While Amoco would primarily be for existing BP marketers, it would not necessarily be limited to them. “We’re looking at it as a way for our existing customer base in our existing markets to grow with BP,” Altizer said. “But if there’s a new marketer or customer group, marketplace or geography, we’re also certainly open to that as well.”

Just as with its BP-branded sites, the quality and condition of a site’s real estate, fuel volumes, access and visibility would all weigh in on the decision to brand to Amoco. The locations would offer all three grades of gasoline with BP’s Invigorate additive and BP loyalty programs. BP has also updated the Amoco logo and forecourt imaging.

“We’re very excited about the refreshed torch and oval. It’s been modernized for the 21st century,” said Altizer.

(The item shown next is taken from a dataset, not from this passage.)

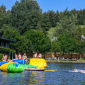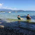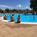 Wir genossen nun noch den Abschluss unserer Ferien gingen an den Pool oder an den See, hörten am Sonntag Radio Gäüb Schwarz und gingen am Montag Abend noch im Restaurant auf dem Camping essen. In der Nacht auf Montag kam noch ein starkes Gewitter auf und so hiess es mitten in der Nacht noch Store einziehen und Luca hineinholen, der schlief wir immer diese Ferien draussen im Zelt.
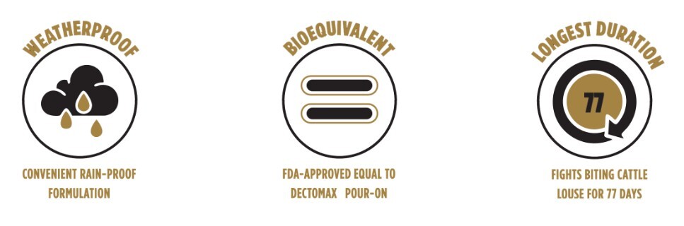 Doracide is a convenient weatherproof formulation and controls 33 types of internal and external parasites including gastrointestinal roundworms, lungworms, eyeworms, grubs, horn flies, mange mites and sucking lice in cattle.

A new Amoco “to go” retail image is also available for marketers who do not already have their own store brand. (In 2014, BP introduced the “to go” retail image for BP-branded sites east of the Rockies.) 

The first dozen Amoco-branded sites will undergo operational prototype testing during the fourth quarter in three key markets.

  • In Chicago, Amoco will provide a way for BP-branded marketers to grow their businesses in a highly competitive marketplace.
  • BP will rebrand some marketers’ competitive locations to Amoco in metropolitan New York, “where the Amoco heritage is strong and there is a lot of name recognition,” said Altizer.
  • And the Amoco flag will rise in the Raleigh, N.C., area, where there has been strong interest from BP marketers.

While he declined to name which marketers will be involved in these first Amoco sites, Altizer said BP has already approved some locations in New York.

From there, BP will offer Amoco to its other markets.

“We’re very excited about this opportunity to give our branded marketers another way to grow with BP,” said Altizer. “We think the time is right, and it will help us be more competitive and grow our business in the U.S.”